*** Information supplied ***

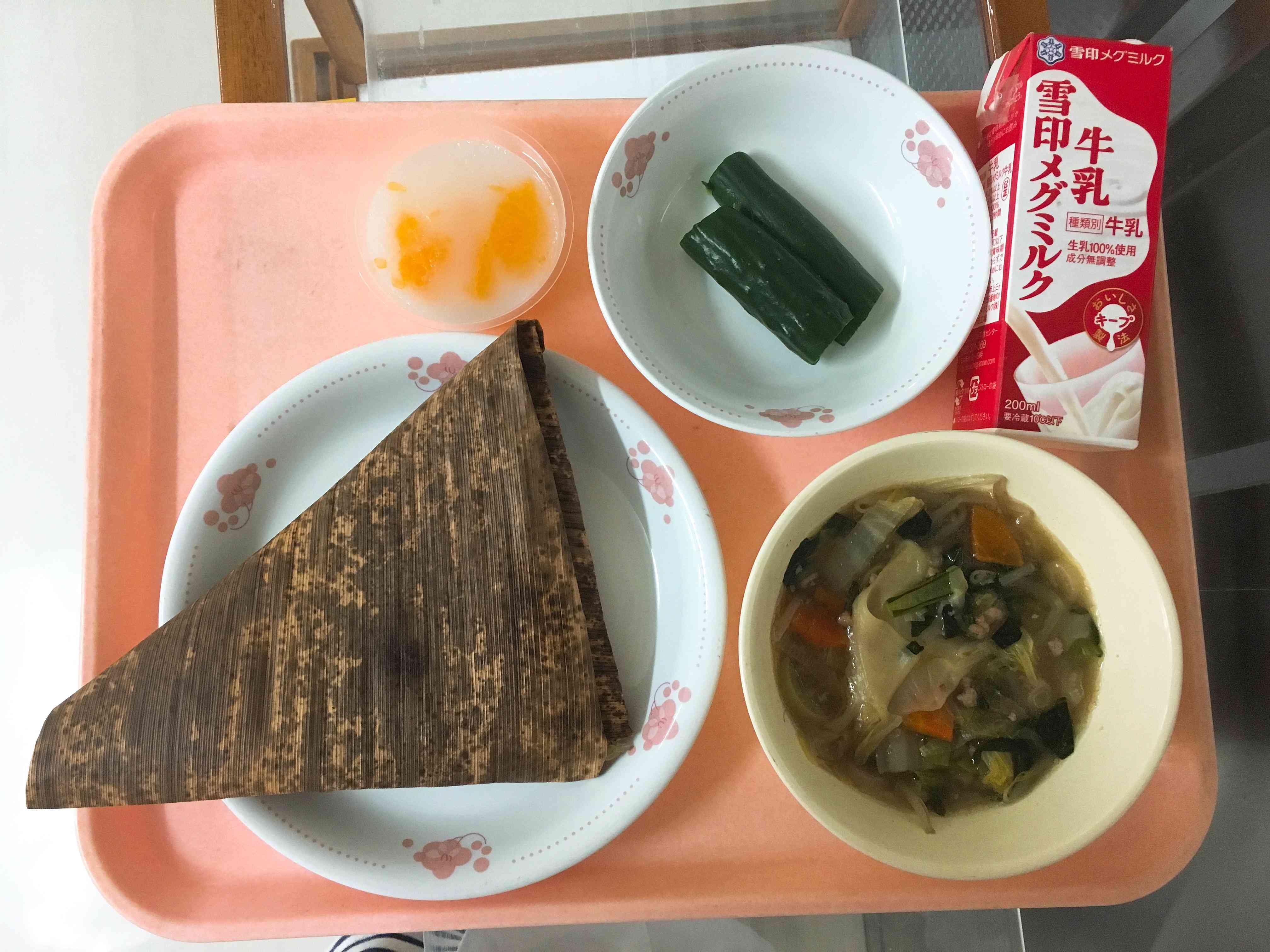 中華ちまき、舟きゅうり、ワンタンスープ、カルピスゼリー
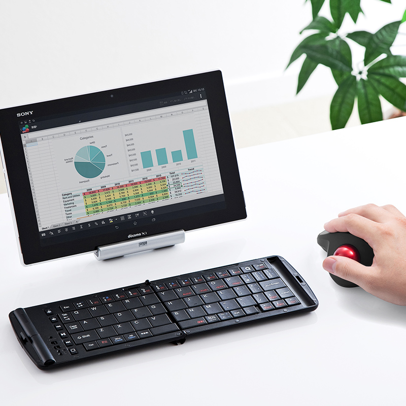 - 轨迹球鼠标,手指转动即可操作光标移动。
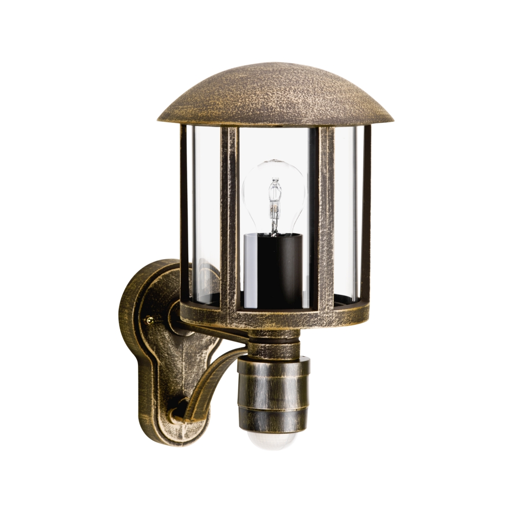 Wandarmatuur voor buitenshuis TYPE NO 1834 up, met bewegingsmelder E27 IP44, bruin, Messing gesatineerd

*** End of Information supplied ***

> [The task]
Everything in the listing must be restated word for word, except for the pictures.

> [Response]
 中華ちまき、舟きゅうり、ワンタンスープ、カルピスゼリー
 - 轨迹球鼠标,手指转动即可操作光标移动。
 Wandarmatuur voor buitenshuis TYPE NO 1834 up, met bewegingsmelder E27 IP44, bruin, Messing gesatineerd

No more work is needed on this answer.